We examined 437 ring-necked pheasant gizzards collected from birds shot on 32 shooting estates during spring 1996 and 1997 and during the hunting seasons of 1999–2000 and 2001–2002. We determined wing-bone-lead concentrations in 98 female birds collected in 1997. Gizzard examinations showed an overall ingestion incidence rate of 3.0%. We found no differences in ingestion rates among years, seasons, and sexes.
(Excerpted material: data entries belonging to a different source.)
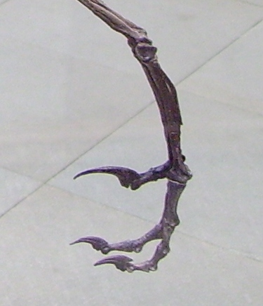 Photographer: User:Ballista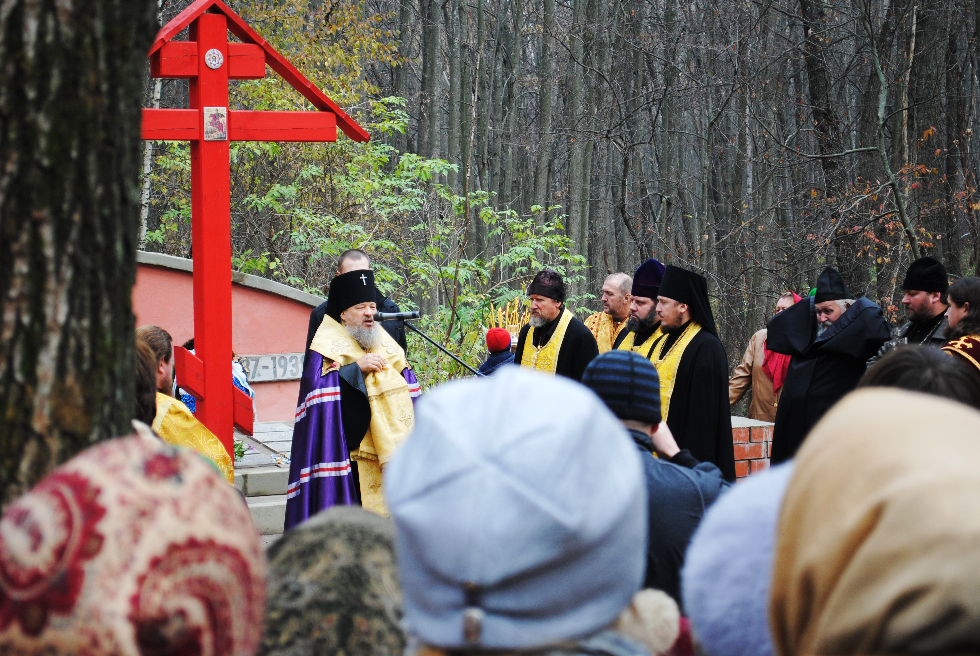 Lipovchik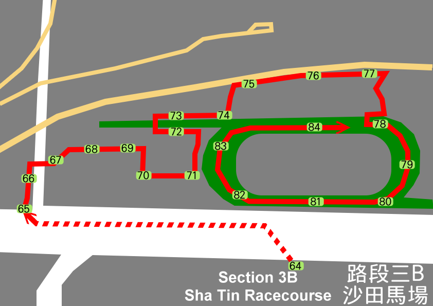 2008 Summer Olympic Torch Relay in Hong Kong, Section 3B, Sha Tin Racecourse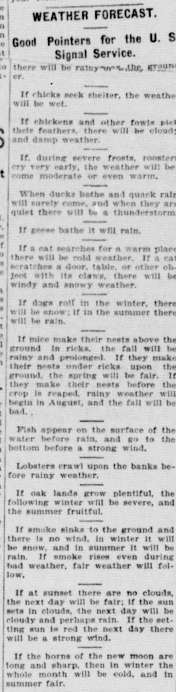 This column of text from the 1899 Seattle Star features several historic examples of weather lore. Text: WEATHER FORECAST. Good Pointers for the U.S. Signal Service [unintelligible text] If chicks seek shelter, the weather will be wet. If chickens and other fowls pick their feathers, there will be cloudy and damp weather. If, during severe frosts, roosters cry very early, the weather will become moderate or even warm. When ducks bathe and quack rain will surely come, and when they are quiet there will be a thunderstorm. If geese bathe it will rain. If a cat searches for a warm place there will be cold weather. If a cat scratches a door, table, or other object with its claws, there will be windy and snowy weather. If dogs roll in the winter, there will be snow; if in the summer there will be rain. If mice make their nests above the ground in ricks, the fall will be rainy and prolonged. If they make their nests under ricks upon the ground, the spring will be fair. If they make their nests before the crop is reaped, rainy weather will begin in August, and the fall will be bad. Fish appear on the surface of the water before rain, and go to the bottom before a strong wind. Lobsters crawl upon the banks before rainy weather. If oak lands grow plentiful, the following winter will be severe, and the summer fruitful. If smoke sinks to the ground and there is no wind, in winter it will be snow, and in summer it will be rain. If smoke rises even during bad weather, fair weather will follow. If at sunset there are no clouds, the next day will be fair; if the sun sets in clouds, the next day will be cloudy and perhaps rain. If the setting sun is red the next day there will be strong wind. If the horns of the new moon are long and sharp, then in winter the whole month will be cold, and in summer fair.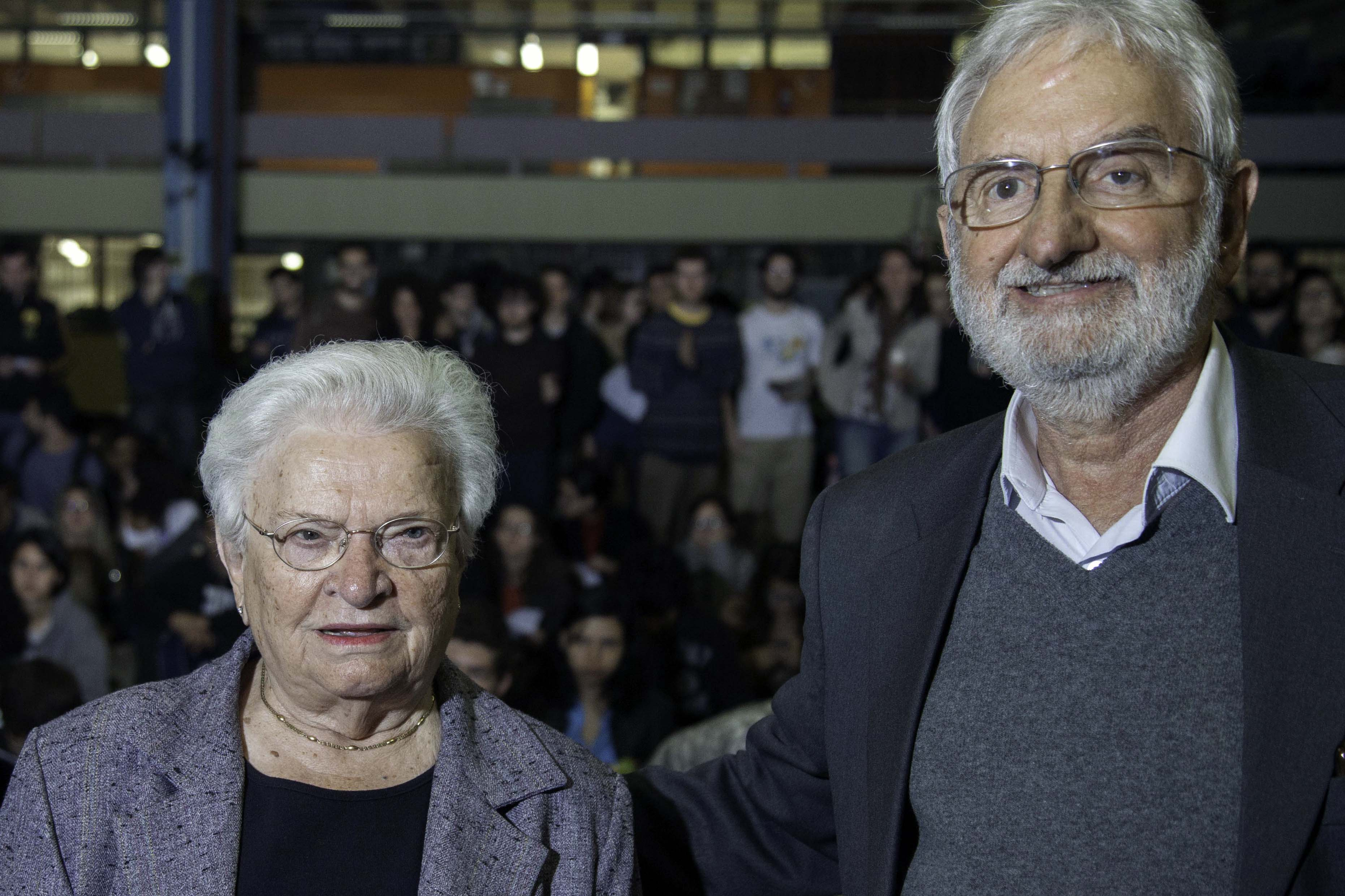 A candidata do PSOL à Prefeitura, Luiza Erundina e o vice Ivan Valente na sabatina do Diretório Central dos Estudantes (DCE), na Universidade de São Paulo, em São Paulo (SP), Brasil.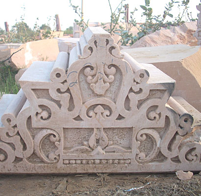 Banshi pahadpur Stone Caving. demo image, use for indidan temple.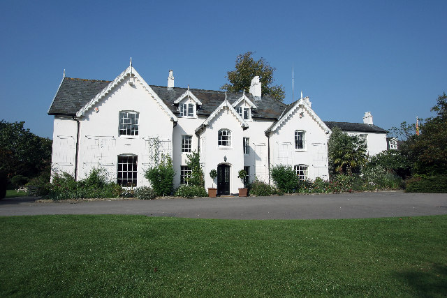 Jermyns House. Located in the Sir Harold Hillier Gardens (formerly known as the Hillier Arboretum).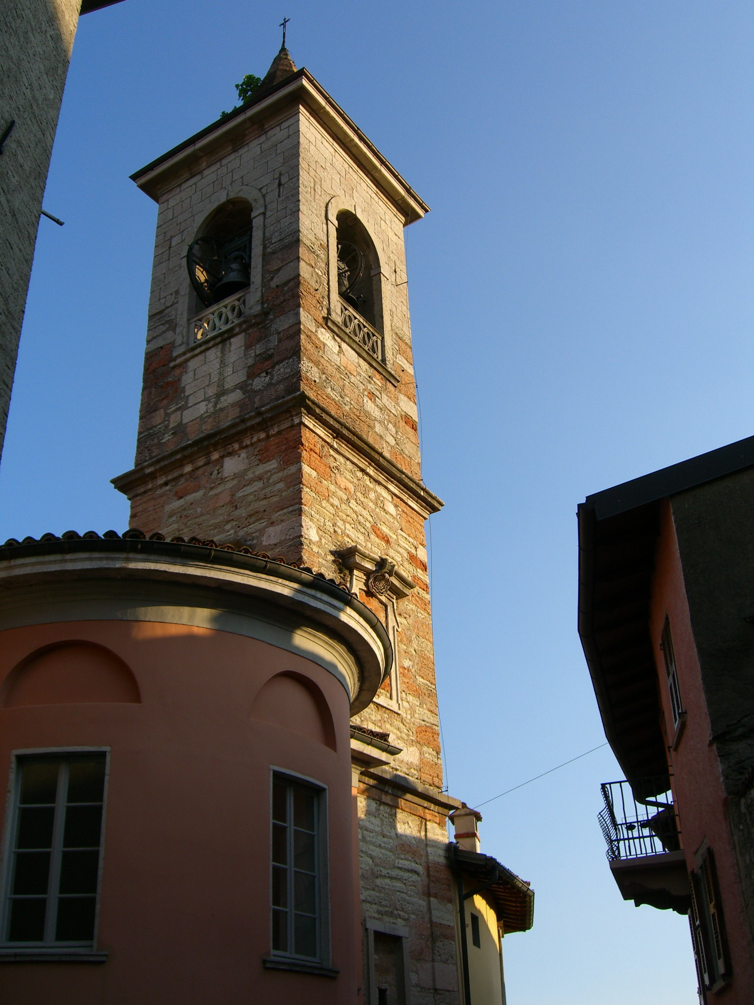 Some impressions from the village Arzo in Ticino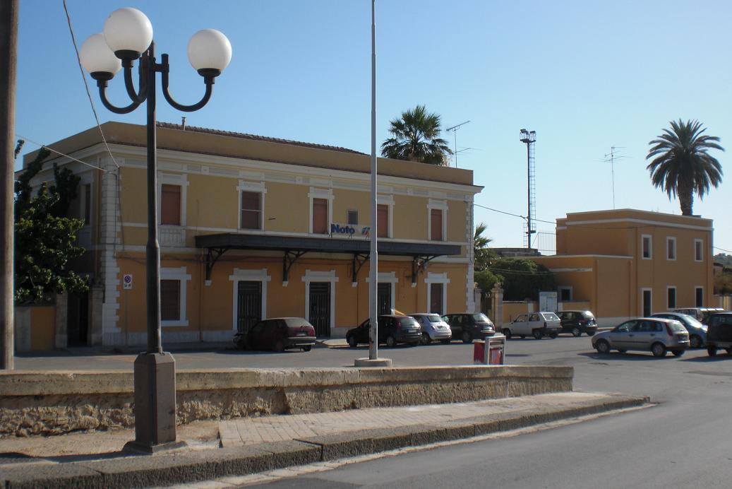 Train station of Noto, Sicily.

Female pheasants had bone-lead levels ranging from 7–445 ppm ( =48.8± 8.8) dry weight. The birds that had lead in their gizzards in 1997 also had high concentrations of lead in their bones. Female pheasant body condition did not decline with the amount of lead in the wing bones. Our data suggest that game managers on shooting estates should be aware that pheasants are vulnerable to shot ingestion and may need to consider measures to reduce this problem in areas where prevalence is high.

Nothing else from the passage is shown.